Herbert Hoover










31st US President (Republican), 1929-1933

BORN: August 10, 1874, West Branch, Iowa

DIED: October 21, 1964, New York City

POLITICAL CAREER: Secretary of Commerce, 1921-1928; President, 1929-1933

FIRSTS: First Quaker to be president. First president born west of the Mississippi.

ON POLITICS: "We in America have had too much experience of life to fool ourselves into pretending that all men are equal in ability, in character, in intelligence, in ambition. That was part of the claptrap of the French Revolution. We have grown to understand that all we can hope to assure to the individual through government is liberty, justice, intellectual welfare, equality of opportunity, and stimulation to service."

--American Individualism, 1922

ON HIMSELF: "You can’t make a Teddy Roosevelt out of me." "My boyhood ambition was to be able to earn my own living, without the help of anybody, anywhere."

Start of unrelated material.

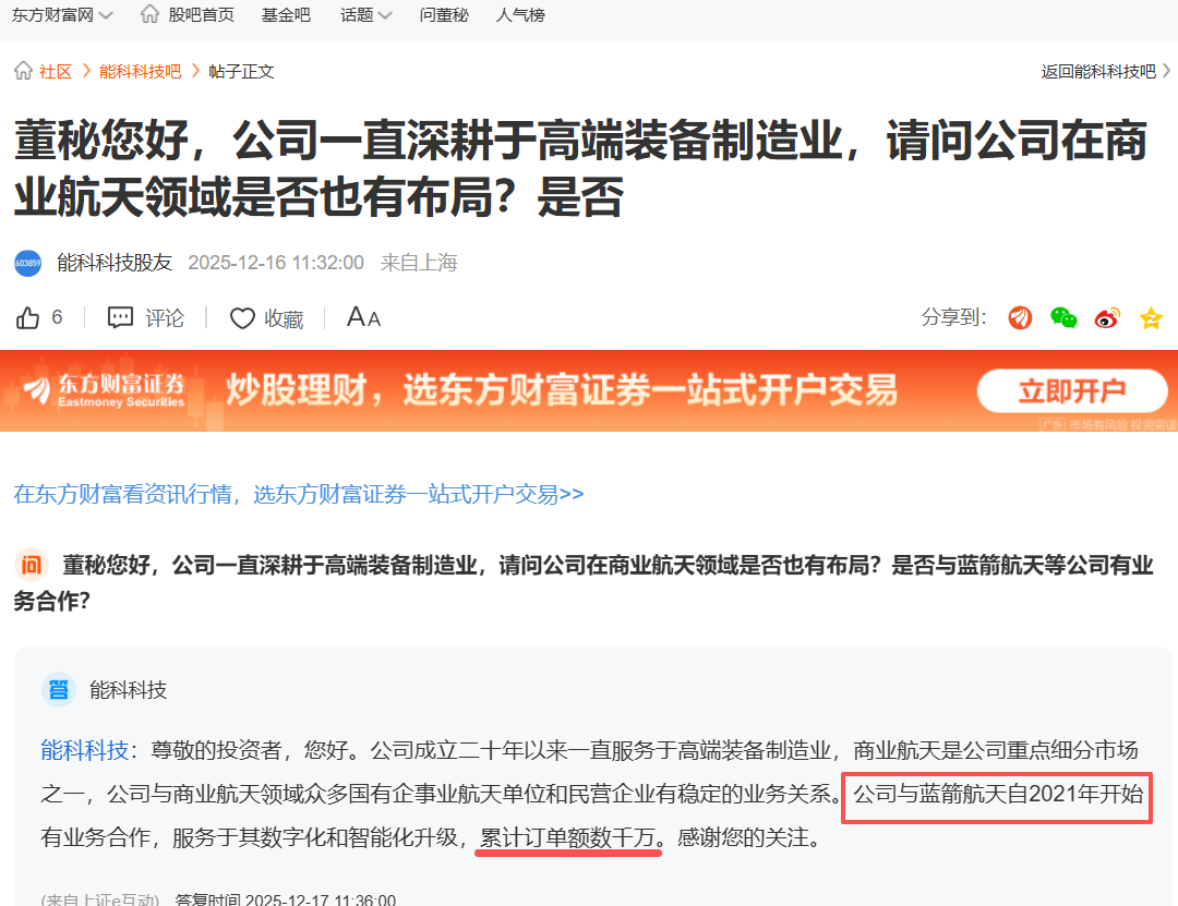 能科科技:与蓝箭航天累计订单额数千万元,商业航天+人形机器人+智谱AI+军工

ORPHANS: Herbert  and his brother and sister in 1881, the year after their blacksmith father’s death at the age of 34. His mother taught school and Bible lessons and took up sewing. Two years later she, too, died at 34. Herbert was put on a train to Oregon with two dimes in his pocket, and brought up by his stern Quaker maternal uncle, a country doctor, and his aunt. He never graduated from high school. At 14, his uncle took him out of school to be an office boy in his new land sale company. Hoover learned typing and bookkeeping and polished his math in night sessions at a business school. A visit to a Cascades mine got him excited about engineering. His favorite book was David Copperfield. He recalled, "As gentle as are the memories of the times, I am not recommending a return to the good old days. Sadness was greater, and death came sooner."

ADVENTURER: At 21, he pushed a car in the lower levels of a Nevada gold mine for $1.50 a day on a ten-hour night shift. At 23, he sweated as a manager In the Kalgoorlie gold fields of the west Australian desert. On a camel trip, he liked the look of the Sons of Gwalia prospect and bought it for his British bosses. It turned out to be fabulously wealthy. At 24, he married Lou Henry, a geologist and banker’s daughter he met at Stanford, and took her to China. They got caught in the Boxer Rebellion. Lou worked in a hospital with a Mauser .39 on her belt. Herbert stood night watches, built barricades under gunfire, got food and water to 600 trapped Chinese Christian refugees and saved their lives from a hot-tempered British captain. The Hoovers were a team out of Indiana Jones. As First Lady she liked to drive 90 mph down mountain roads. He add to his wealthy by following ancient Chinese maps to an abandoned silver mine in Burma; complete with fresh tiger tracks inside.

YOUNG TYCOON: He flunked every entrance exam, except math, for the new Stanford University, but a Quaker professor got him into the "pioneer class" in 1891 and a tutor got him up to scratch. He was a student tycoon. He turned a profit on a laundry agency, a baggage service and a newspaper route, hustled for tips as a waiter, typist and handyman, made money for baseball and football teams, and as junior treasurer cleared the entire student body of debt. He also won a campus battle against snobbish fraternities. Studies suffered, but by 27 he was hailed as the highest salaried man of his age in the world. He earned a then phenomenal $30,000. By 1918 his worth was estimated at $4 million.

HUMANITARIAN: "This man is not to be stopped anywhere under any circumstances." This was the order the Germans eventually wrote on Hoover’s passport after he had browbeaten all the warring nations not to get in his way in saving Belgium from starvation. As head of the Commission for Relief in Belgium (CRB) from 1915, he fed 7 million Belgians and French. He took no pay, gave part of his own fortune and risked his life crisscrossing the Atlantic.. From 1918 to 1923 he got food to the Russians. When someone complained that it would help the Bolsheviks, he banged on the table: "Twenty million people are starving. Whatever their politics, they shall be fed!"

REBUILDER: Hoover was one of the key Americans in the rebuilding of Europe. Of his role at Versailles, John Maynard Keynes said: "He was the only man who emerged from the ordeal of Paris with an enhanced reputation." In 1920, Franklin Delano Roosevelt said: "He is certainly a wonder, and I wish we could make him nt. There couldn’t be a better one."

THE CHIEF: The mining appellation stuck to him in seven driving years as secretary of commerce. He was hot for new technology.  In 1927, he had his voice and face transmitted to New York over three telephone wires in the first public demonstration of television, He pushed radio. When listeners complained of interference, he was photographed with a one-tube set he to find out for himself. He helped the emerging airlines and cajoled industry into standardization of everything from screws to bottle nipples. He set safety rules for railroads, automobiles, cement, elevators and much else. He wrote a manual for new homeowners and a voluntary building code.

VISIONARY: After World War II, he raised $325 million, mostly from America, to nurture 15 million stricken children in Europe. Hoover may have saved more people from a slow and horrible death than anyone else in world history.